Stage-Specific Effect of Inositol Hexaphosphate on Cancer Stem Cell Pool during Growth and Progression of Prostate Tumorigenesis in TRAMP Model

SIMPLE SUMMARY: The stage of a tumor during cancer intervention is the most crucial factor that determines the treatment regimen. Several bioactive natural compounds have shown potential to inhibit prostate cancer growth and progression; however, there is a dearth of studies that explore their efficacy at different stages of tumorigenesis.
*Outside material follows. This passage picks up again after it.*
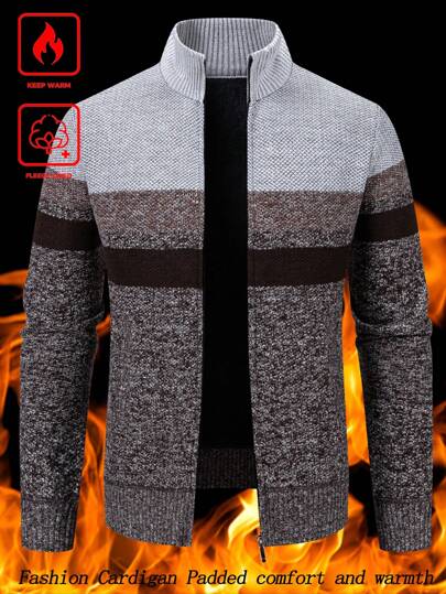 Manfinity Homme 男式纯色拼接前拉链长袖休闲上衣 - 咖啡棕 - 查看 3

This knowledge gap prevents researchers from fully exploiting the anti-cancer potential of these beneficial compounds. Accordingly, our present study focused on explicating the ‘stage-specific’ efficacy of the bioactive food component ‘inositol hexaphosphate (IP6, phytic acid)’ against PCa initiation, growth, and progression in the transgenic adenocarcinoma of the mouse prostate TRAMP model. Results indicated that IP6 feeding during initial stages of cancer development prevents progression of prostatic intraepithelial neoplasia lesions to adenocarcinoma, and IP6 feeding during late stage of the disease reduces tumor growth and prevents its progression to advanced stage of the disease. Thus, IP6 intervention is beneficial during all stages of prostate tumorigenesis. ABSTRACT: Herein, we assessed the stage-specific efficacy of inositol hexaphosphate (IP6, phytic acid), a bioactive food component, on prostate cancer (PCa) growth and progression in a transgenic mouse model of prostate cancer (TRAMP). Starting at 4, 12, 20, and 30 weeks of age, male TRAMP mice were fed either regular drinking water or 2% IP6 in water for ~8–15 weeks. Pathological assessments at study endpoint indicated that tumor grade is arrested at earlier stages by IP6 treatment; IP6 also prevented progression to more advanced forms of the disease (~55–70% decrease in moderately and poorly differentiated adenocarcinoma incidence was observed in advanced stage TRAMP cohorts). Next, we determined whether the protective effects of IP6 are mediated via its effect on the expansion of the cancer stem cells (CSCs) pool; results indicated that the anti-PCa effects of IP6 are associated with its potential to eradicate the PCa CSC pool in TRAMP prostate tumors. Furthermore, in vitro assays corroborated the above findings as IP6 decreased the % of floating PC-3 prostaspheres (self-renewal of CSCs) by ~90%. Together, these findings suggest the multifaceted chemopreventive-translational potential of IP6 intervention in suppressing the growth and progression of PCa and controlling this malignancy at an early stage.